“You’re tough.”
I sure as hell didn’t feel it.
My body was drained of all its energy. My legs felt like pieces of lead. My stomach was still unsettled, twisting and turning inside itself. I wasn’t sure when the need to use the bathroom would come again.
“You’re strong.”
The sun was beating down, waves of heat drowning me in sweat. The peak of the mountain seemed so far away. The trail winded across, up and down, steep and covered in rocks. I had no faith in myself. How would I make it? And to think, that fence in the far distance only marked our break for lunch.
“You’re stubborn.”
The last thing I expected, the last thing I wanted, was to get sick when I went on my J-term trip to Nepal. It wasn’t any normal sickness. By a chance of bad luck in our choice of water bottles, one of the other girls and I were chosen as perfect hosts for a parasite: giardia.

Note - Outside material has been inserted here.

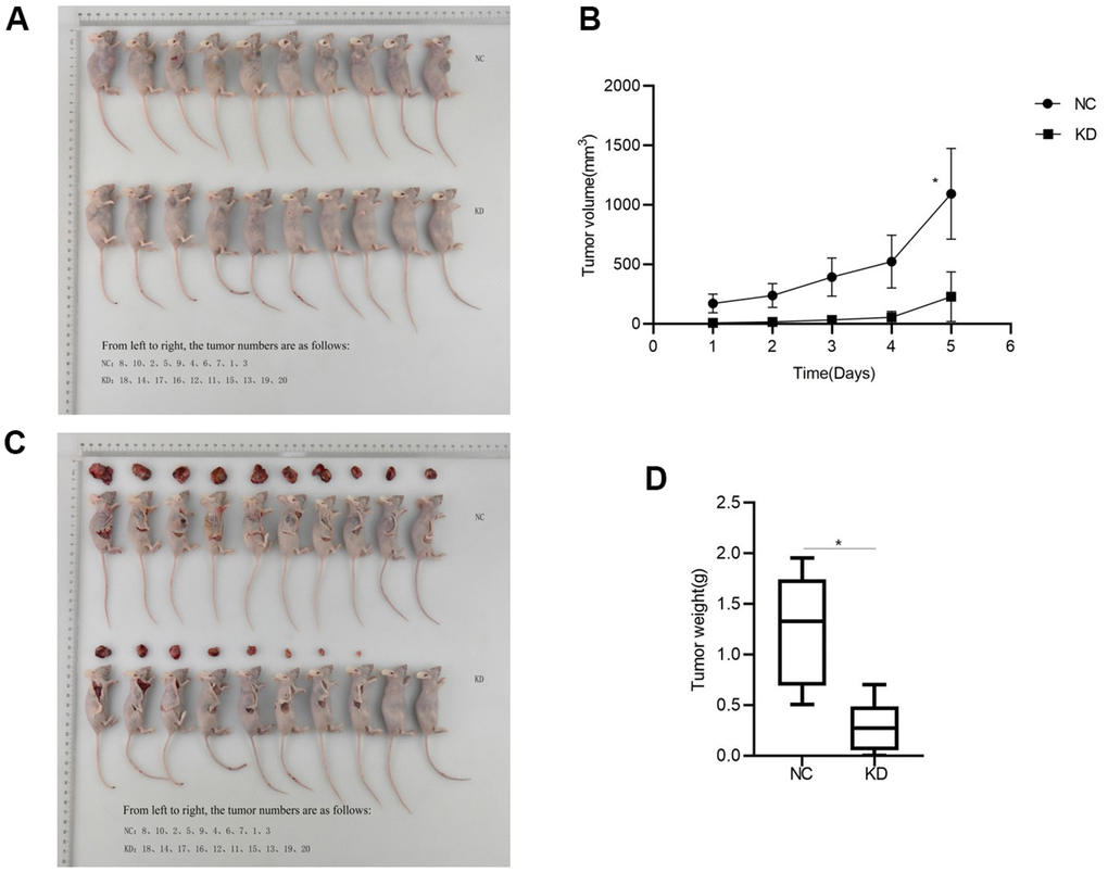 Huh-7 cells with CCNB2 knockdown and Huh-7 cells without CCNB2 knockdown were injected subcutaneously into the experimental group (KD group) and the control group (NC group), respectively, to observe tumour formation. After 25 days, eight nude mice in the experimental group developed tumours, and the tumour formation rate of this group was 80%. All nude mice in the control group developed tumours, and the tumour formation rate of this group was 100% (Figure 2A). These results suggest that CCNB2 knockdown could reduce the tumour formation rate in nude mice and may inhibit the occurrence of HCC.

It was the most miserable few days of our lives. Feeling weak, with an uneasy stomach and a sensitive sense of smell that would only allow us to nibble at rice, yet we had to continue our trek in the Himalayas. No rest for the wicked. Not to mention that the occasional desire to throw up and the unannounced moments where diarrhea would spring upon us.
But through the agony of it all, I learned something important about myself that my professor and our guide continued to tell me through our struggles. It was moments like this, moments when we were in dire need of our inner strength, that it comes out. My inner strength proved to me just how stubborn I was. Through the suffering of it all, I struggled up the mountains, trekking the whole seven hours we had to do that day that it was the worst. Now when I find myself in some awful situation, I realize, I can push through because nothing could compare to that. I’ve done it once. I can do it again.